To date there is not a shred of verifiable evidence that we are experiencing any unusual warming at all. I have seen no verifiable information that there is any planetary climate change caused by human activity.
They have been playing a game of producing papers and hiding the data and methods from view. They rely on a circular citation scheme and the voices of prominent world leaders to gain credibility rather than allowing their conclusions to see the light of day and stand or fall on their own merit. One *has* to be suspicious of anyone who promotes a conclusion but will not allow the process of reaching that conclusion to be revealed. When someone claims that something is so, yet hides the data, one must be skeptical. And then when they claim they lost the data, claim to have lost the descriptions of the data so the original data can not even be re-created but claim to have only a modified version, what is one to think? And here where yet again, data that doesn’t validate the agenda is thrown away, on what grounds can anyone support these conclusions other than by “faith”?

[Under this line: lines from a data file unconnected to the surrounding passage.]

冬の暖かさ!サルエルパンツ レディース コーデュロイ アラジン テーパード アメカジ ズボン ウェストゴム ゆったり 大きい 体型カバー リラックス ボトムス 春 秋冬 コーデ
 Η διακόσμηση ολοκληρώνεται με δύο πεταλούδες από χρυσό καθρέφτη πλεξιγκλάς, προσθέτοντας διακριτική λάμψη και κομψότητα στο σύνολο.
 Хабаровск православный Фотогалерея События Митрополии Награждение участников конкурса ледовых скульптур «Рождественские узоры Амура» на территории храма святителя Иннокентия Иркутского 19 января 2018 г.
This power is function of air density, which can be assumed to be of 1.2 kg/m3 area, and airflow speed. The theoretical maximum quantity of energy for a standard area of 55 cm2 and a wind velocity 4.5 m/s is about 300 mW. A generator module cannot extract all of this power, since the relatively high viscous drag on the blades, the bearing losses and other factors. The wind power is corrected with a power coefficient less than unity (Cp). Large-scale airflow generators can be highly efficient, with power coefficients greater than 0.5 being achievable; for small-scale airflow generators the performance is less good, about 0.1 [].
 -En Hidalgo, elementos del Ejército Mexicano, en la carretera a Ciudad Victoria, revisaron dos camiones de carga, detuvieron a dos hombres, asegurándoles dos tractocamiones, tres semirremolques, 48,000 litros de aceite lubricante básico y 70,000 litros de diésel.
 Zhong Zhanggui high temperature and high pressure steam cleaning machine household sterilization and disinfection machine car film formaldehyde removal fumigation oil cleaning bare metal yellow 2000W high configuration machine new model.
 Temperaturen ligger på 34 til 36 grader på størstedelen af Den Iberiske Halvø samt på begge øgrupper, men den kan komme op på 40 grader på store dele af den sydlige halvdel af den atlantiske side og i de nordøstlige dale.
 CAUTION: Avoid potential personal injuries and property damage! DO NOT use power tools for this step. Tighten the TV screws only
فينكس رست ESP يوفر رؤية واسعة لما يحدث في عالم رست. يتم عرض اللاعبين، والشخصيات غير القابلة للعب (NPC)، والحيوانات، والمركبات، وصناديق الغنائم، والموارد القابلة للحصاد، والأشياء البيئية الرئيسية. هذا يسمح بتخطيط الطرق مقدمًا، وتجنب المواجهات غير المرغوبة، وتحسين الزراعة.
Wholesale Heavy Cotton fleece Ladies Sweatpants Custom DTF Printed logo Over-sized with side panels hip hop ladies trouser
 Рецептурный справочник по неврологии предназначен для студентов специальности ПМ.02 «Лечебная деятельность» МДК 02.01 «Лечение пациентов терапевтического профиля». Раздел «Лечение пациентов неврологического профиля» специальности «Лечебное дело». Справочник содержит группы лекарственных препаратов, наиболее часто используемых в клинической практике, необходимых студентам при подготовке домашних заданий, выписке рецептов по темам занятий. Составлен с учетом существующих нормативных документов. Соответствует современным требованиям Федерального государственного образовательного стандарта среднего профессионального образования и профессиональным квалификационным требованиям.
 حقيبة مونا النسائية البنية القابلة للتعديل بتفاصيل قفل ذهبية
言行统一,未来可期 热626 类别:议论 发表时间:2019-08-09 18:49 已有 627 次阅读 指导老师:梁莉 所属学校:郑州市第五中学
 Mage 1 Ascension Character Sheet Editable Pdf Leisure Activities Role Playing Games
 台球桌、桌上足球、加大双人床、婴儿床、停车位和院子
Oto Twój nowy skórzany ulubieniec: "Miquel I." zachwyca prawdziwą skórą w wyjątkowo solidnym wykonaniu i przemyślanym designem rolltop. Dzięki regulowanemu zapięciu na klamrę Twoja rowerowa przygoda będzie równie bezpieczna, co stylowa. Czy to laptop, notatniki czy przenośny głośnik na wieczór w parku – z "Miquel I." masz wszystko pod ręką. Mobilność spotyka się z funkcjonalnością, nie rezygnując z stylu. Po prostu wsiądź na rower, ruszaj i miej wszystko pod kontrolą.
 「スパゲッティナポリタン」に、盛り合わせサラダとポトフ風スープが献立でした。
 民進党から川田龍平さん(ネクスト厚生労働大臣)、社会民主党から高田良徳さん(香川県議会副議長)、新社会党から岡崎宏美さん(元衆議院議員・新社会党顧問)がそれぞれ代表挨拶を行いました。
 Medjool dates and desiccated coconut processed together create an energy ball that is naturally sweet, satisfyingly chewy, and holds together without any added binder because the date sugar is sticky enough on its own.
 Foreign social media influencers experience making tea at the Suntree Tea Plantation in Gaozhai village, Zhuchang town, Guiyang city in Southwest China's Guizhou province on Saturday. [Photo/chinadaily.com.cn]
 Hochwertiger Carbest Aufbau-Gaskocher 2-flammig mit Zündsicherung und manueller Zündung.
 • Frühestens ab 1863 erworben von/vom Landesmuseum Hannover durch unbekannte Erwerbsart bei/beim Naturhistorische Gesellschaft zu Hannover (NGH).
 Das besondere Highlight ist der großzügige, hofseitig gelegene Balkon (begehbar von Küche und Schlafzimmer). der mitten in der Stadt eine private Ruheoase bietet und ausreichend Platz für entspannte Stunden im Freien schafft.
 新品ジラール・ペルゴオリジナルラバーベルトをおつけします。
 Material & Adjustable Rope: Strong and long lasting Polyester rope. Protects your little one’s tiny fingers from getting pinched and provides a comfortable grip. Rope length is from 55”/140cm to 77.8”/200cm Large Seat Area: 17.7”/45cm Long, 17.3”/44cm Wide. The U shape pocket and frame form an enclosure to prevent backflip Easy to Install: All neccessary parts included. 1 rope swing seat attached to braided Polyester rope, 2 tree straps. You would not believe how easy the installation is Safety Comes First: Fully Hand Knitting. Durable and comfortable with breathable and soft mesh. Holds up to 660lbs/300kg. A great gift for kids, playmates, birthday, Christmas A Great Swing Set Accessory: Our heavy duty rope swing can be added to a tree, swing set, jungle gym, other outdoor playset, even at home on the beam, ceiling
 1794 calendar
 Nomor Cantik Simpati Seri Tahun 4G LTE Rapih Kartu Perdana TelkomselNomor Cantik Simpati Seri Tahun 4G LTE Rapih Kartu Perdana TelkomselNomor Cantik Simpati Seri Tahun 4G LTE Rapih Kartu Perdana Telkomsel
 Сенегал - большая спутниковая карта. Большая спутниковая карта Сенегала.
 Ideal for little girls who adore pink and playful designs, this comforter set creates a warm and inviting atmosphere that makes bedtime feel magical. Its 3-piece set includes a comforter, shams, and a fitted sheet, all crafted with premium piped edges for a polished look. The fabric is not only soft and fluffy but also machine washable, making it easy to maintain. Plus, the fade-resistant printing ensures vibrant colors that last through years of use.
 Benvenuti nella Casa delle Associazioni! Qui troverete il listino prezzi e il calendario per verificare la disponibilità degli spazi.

It appears to be a conspiracy on a global scale to milk the treasuries of the Western world of cash to support spending on things that directly benefit those making the claims.
Does Briffa have any personal investments that would benefit from his claims?
P. Wilson:
However, can you imagine any newspaper, including the Guardian, turning down the most sensational story of the century – “Global warming proved false, heads must roll”
Let’s continue to give them ammunition.
People who wish to expend effort at blogs and forums might want to aim at the middle ground, even if the Guardian website is more amusing. The wider the message spreads the more likely it is that more people start to understand. Most people accepted the consensus because they feel guilty, and because they have no reason to question the science.